The strict mode line

set -euo pipefail is non-negotiable:

-e — exit immediately on any error
-u — error on undefined variable
-o pipefail — fail if any command in a pipe fails Without these, silent failures will bite you.

Pipes and Redirects — The Unix Philosophy

A pipe (|) sends the output of one command to the input of the next. Chain small tools to do big things.

bash

# Three tools, one line
cat access.log | grep "ERROR" | wc -l
#  read file  |   keep errors  | count lines

Operator	Meaning
`cmd1 \| cmd2`	Stdout of `cmd1` → stdin of `cmd2`
`cmd > file`	Redirect stdout to file (overwrite)
`cmd >> file`	Redirect stdout to file (append)
`cmd < file`	Read file into stdin
`cmd 2> err.log`	Redirect stderr
`cmd &> all.log`	Redirect both stdout + stderr
`cmd > file 2>&1`	Older syntax, same effect
`cmd1 && cmd2`	Run `cmd2` only if `cmd1` succeeds
`cmd1 \|\| cmd2`	Run `cmd2` only if `cmd1` fails

Variables, Quoting, and Substitution

bash

name="Alice"
files=$(ls *.txt)             # command substitution
count=$(( 3 + 4 ))            # arithmetic

echo "Hello, $name"           # Hello, Alice
echo 'Hello, $name'           # Hello, $name (no expansion in single quotes!)
echo "Files: ${files}"
echo "Total: ${count}"

Syntax	Purpose
`"$var"`	Always quote variables to handle spaces
`${var:-default}`	Use `default` if `var` is unset
`${var:=default}`	Set `var` to `default` if unset
`${var:?err message}`	Exit with error if unset
`${#var}`	String length
`${var/old/new}`	Replace first match

Control Flow

bash

example.sh
#!/usr/bin/env bash
set -euo pipefail

# if / else
if [[ -f "config.yml" ]]; then
  echo "found config"
elif [[ -d "config/" ]]; then
  echo "found config dir"
else
  echo "no config" >&2
  exit 1
fi

# for loop over files
for f in *.csv; do
  echo "Processing $f..."
  python process.py "$f"
done

# while loop
while IFS= read -r line; do
  echo "Line: $line"
done < input.txt

# case
case "$1" in
  start) echo "starting..." ;;
  stop)  echo "stopping..." ;;
  *)     echo "unknown" ;;
esac

Common test conditions inside [[ ... ]]:

Test	Meaning
`-f path`	File exists
`-d path`	Directory exists
`-z "$s"`	String is empty
`-n "$s"`	String is non-empty
`"$a" == "$b"`	String equal
`"$a" == pattern*`	Glob match
`$a -eq $b`	Numeric equal (`-lt`, `-gt`, `-le`, `-ge`)

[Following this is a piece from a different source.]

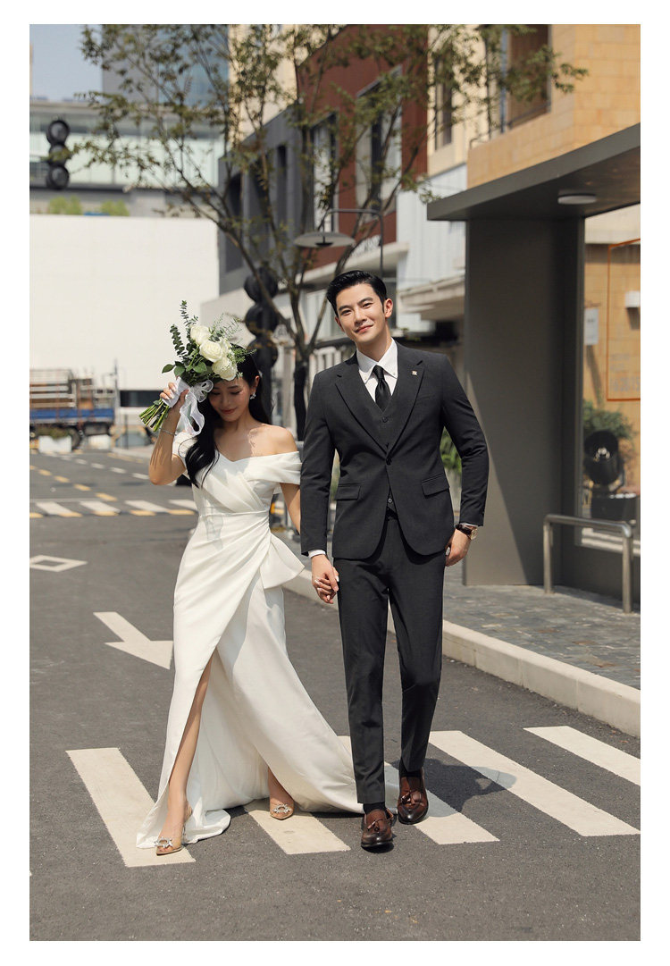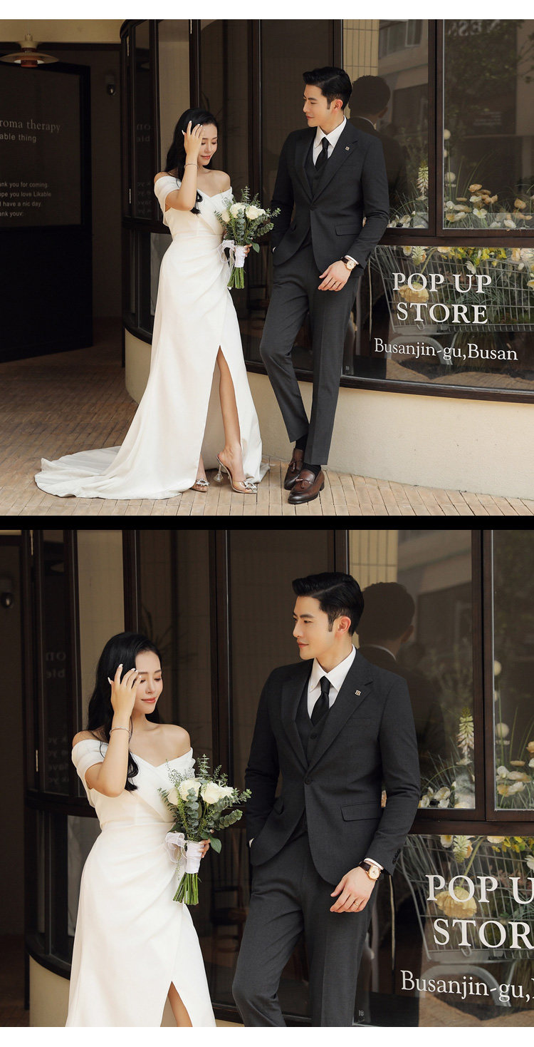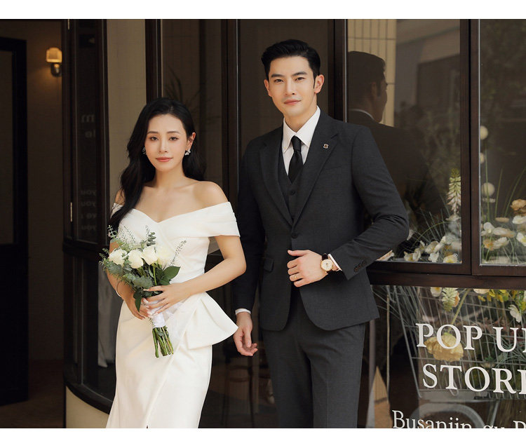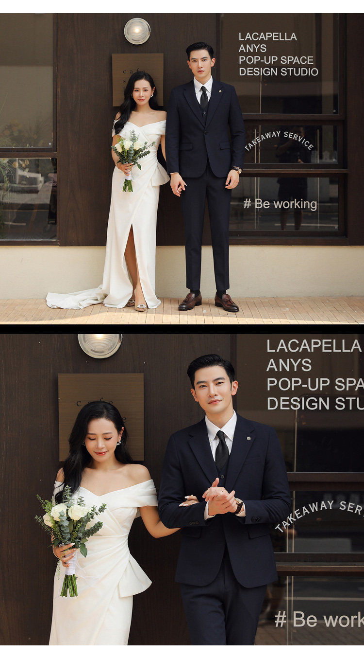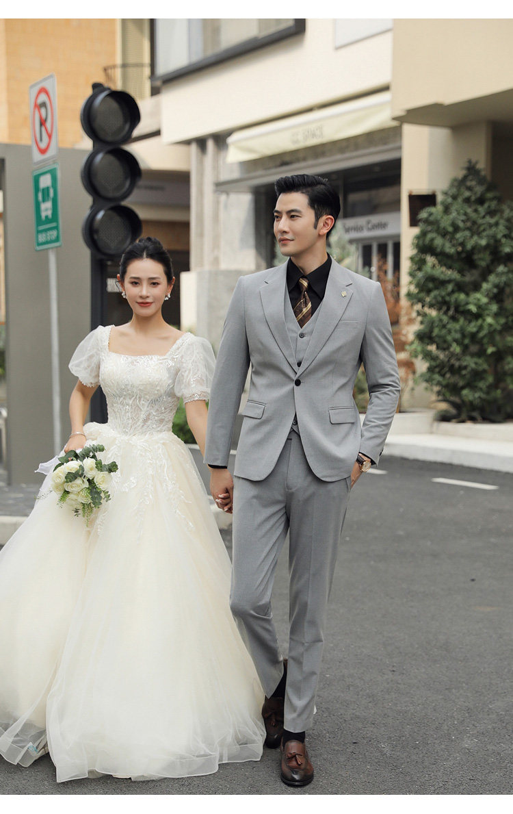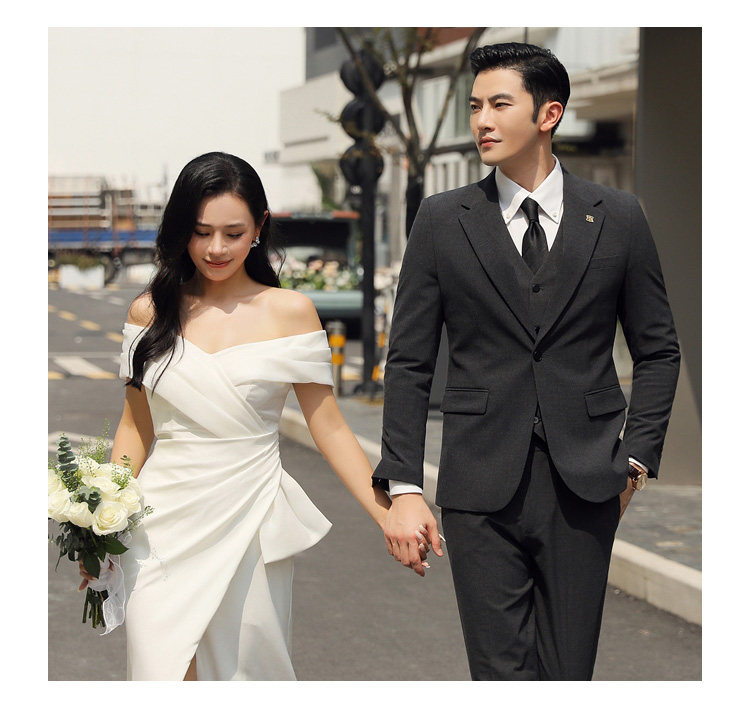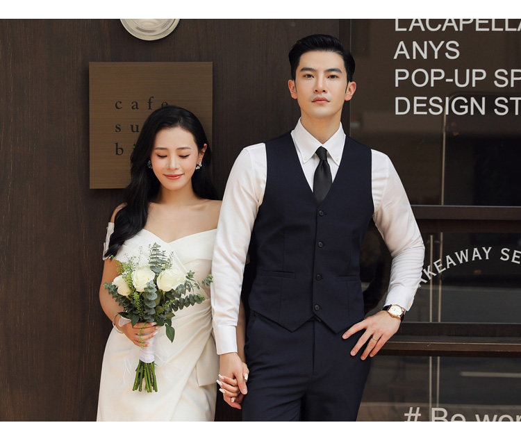 Groom's Wedding Suit, Men's Slim-Fit Business Formal Suit, Men's Korean-Style British-Style Groomsmen's Three-Piece Suit

The Text-Processing Trio: `grep`, `sed`, `awk`

`grep` — Find lines matching a pattern

bash

grep "ERROR" app.log                  # lines containing ERROR
grep -i "error" app.log                # case-insensitive
grep -v "DEBUG" app.log                # lines NOT matching
grep -n "TODO" *.py                    # with line numbers, across files
grep -r "api_key" src/                 # recursive
grep -E "^user_(\d+)$" data.txt        # extended regex

`sed` — Stream editor (find and replace)

bash

sed 's/foo/bar/' file.txt              # replace first occurrence per line
sed 's/foo/bar/g' file.txt             # replace all occurrences
sed -i 's/foo/bar/g' file.txt          # edit file in place (macOS: sed -i '' ...)
sed -n '10,20p' file.txt               # print lines 10-20
sed '/^$/d' file.txt                   # delete empty lines

`awk` — Column-oriented processing

bash

awk '{print $1}' data.txt              # first column
awk -F',' '{print $2}' data.csv        # 2nd col, comma delimiter
awk '$3 > 100' data.txt                # rows where col 3 > 100
awk '{sum += $2} END {print sum}' data.txt   # sum col 2

`jq` — The JSON Swiss Army Knife

Install: brew install jq / sudo apt install jq.

bash

# GitHub API → pretty-print
curl -s https://api.github.com/users/octocat | jq .

# Extract one field
curl -s https://api.github.com/users/octocat | jq -r .name

# Filter an array
jq '.[] | select(.active == true)' users.json

# Transform an object shape
jq '{id, title: .name, when: .created_at}' repos.json

# Output as CSV
jq -r '.[] | [.id, .name] | @csv' users.json

jq is the most underrated CLI tool

Every API in the world returns JSON. jq lets you slice it from the shell without writing Python. Bookmark jqplay.org as a playground.

Environment Variables

bash

# Set for the current shell
export API_KEY="sk-..."

# Set for one command only
API_KEY="sk-..." python run.py

# Load from .env file
set -a; source .env; set +a

# Show all
env | grep API

.env file format (used by UV, Docker, python-dotenv, and most tools):

bash

.env
API_KEY=sk-...
DATABASE_URL=postgres://...
DEBUG=true

Never commit secrets

Add .env to .gitignore. Commit .env.example (with fake values) so teammates know what's expected.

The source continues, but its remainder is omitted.